One intro helped elucidate my puzzlement over Jake's choice of often far-flung venues, including the one we were all standing in. He began by asking in a hushed voice, 'Have you ever been in your car ... turned on the radio ... and heard a perfect song?' {pause} 'And then changed the station ... and there it was ... another perfect song?' {longer pause} 'Changed the station again ... and heard yet another perfect song?' {longest pause} 'Yeah, me neither.' This led to a good-natured lament about how we've 'given music away to the ether' instead of sharing it in person. Other earnest songwriters have expressed similar sentiments from well-lit stages but hearing it among the sounds of kitchen faucets and the occasional flushed toilet drove the point home: Music is most effective when shared person-to-person. He implored us all to open our homes to living room shows, and to support art wherever we find it.

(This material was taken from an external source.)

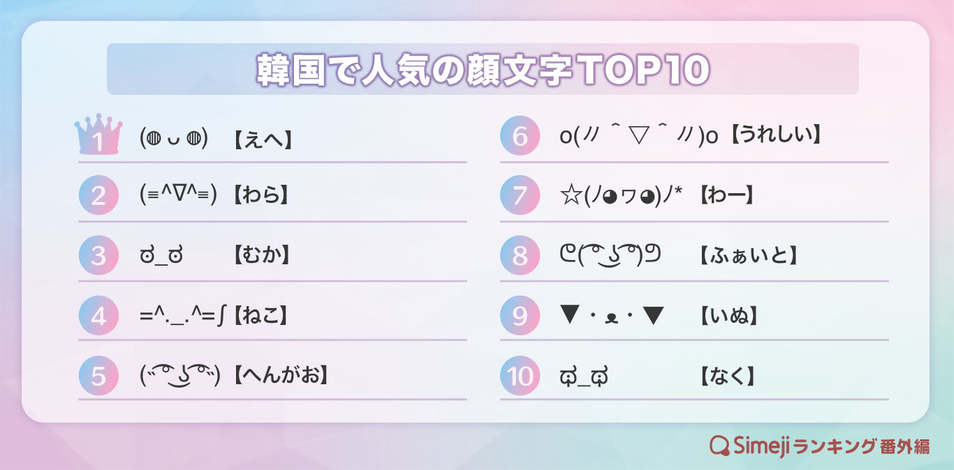 【Simejiランキング番外編】「韓国で人気の顔文字TOP10」

It feels like I'm painting a picture of Jake as a modern-day Johnny Appleseed, toiling the soil with a guitar and a saxophone, burnishing apathy into hope one intimate performance at a time. Maybe I am. I'll grant it's a bit over the top, but it beats the hell out of getting weighed down by perpetual cynicism.

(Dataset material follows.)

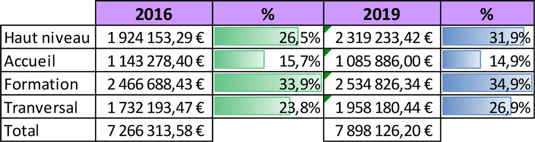 - Quatre activités : « haut niveau », « formation », « accueil », « transversal ».

After taking questions and tolerating the antics of Broadmeadows' one and only Iain Muir, Jake closed the night with a singalong 'You're a Friend of Mine' followed by the softest sax solo you'll ever hear. We were in a suburban home after all, and it was past 10:00 -- a roaring horn may have brought calls to the police. Jake took his final bows and greeted well-wishers with his usual grace.

As Jamie and I had been last to arrive we took the opportunity to socialise with friends and acquaintances. (An advantage to a living room concert -- when it's over you can immediately transition to a house party, although on Monday it was a booze-free affair.) A brief conversation with a woman I run into at Bruce-related functions and Jake shows but don't know well nearly brought tears. I'll share what she told me but won't divulge her name for the sake of privacy. We'd said hello after Saturday's Flying Saucer Club show, a show to which she'd brought her tall, thin son. She introduced us, and he and I spoke very briefly. During our conversation Monday night she told me her son has high-functioning autism. She then said this: The morning after the show, her son had come up to her and said, 'Mom, it's a new day!' (or words to that effect), a direct result of Jake's reminder the night before of the need to put yesterday behind and embrace each spanking sunrise like a gift. That connection. That connection is genuine. That connection is what drives Jake Clemons. That connection between Jake and this beautiful young man is something I'll never forget.

Safe travels, Jake and Matt.

*Since I began to write this post Jake's posted on Twitter another living room show for Sydney on Thursday 2 April. Couldn't be happier that it's happening at the home of Carly Milina, whom I was lucky to see again at the Northcote and Flying Saucer shows. Folks in Forestville are in for a special night.

6 comments:

Velma Holland said...

Love the story Joe... Apart from Bruce of course it was a really pleasing experience not just Jake but the whole thing including meeting people I hadn't already met and of course the ones I know and love.
Vel

Lisa bolger said...

Wonderfully captured a very special night with the gentlest of giants, who is truly earing his place amount the giants. Thanks Cathy and Stephen

Anonymous said...

Thank you so much Joe for the wonderful review. You described the experience that we had that night so well.

Russ Barclay said...

Great review Joe really captured essence of the night. Feel so privileged to have been there to experience it.

Jane Smith said...

Wish I could have been there, too, to share the evening ...but then again Joe I felt I almost was - thanks. I could hear the might and magic of Clarence in the gig Jake did in Canberra. His version of'You're a Friend of Mine' would have been special - like Clarence's. Hope there'll be more Jake soon.

kpk1963 said...

Beautiful, thanks for sharing. Just found out that we were chosen to host one of Jake's US living room shows in mid-May and I am beside myself with joy and anticipation!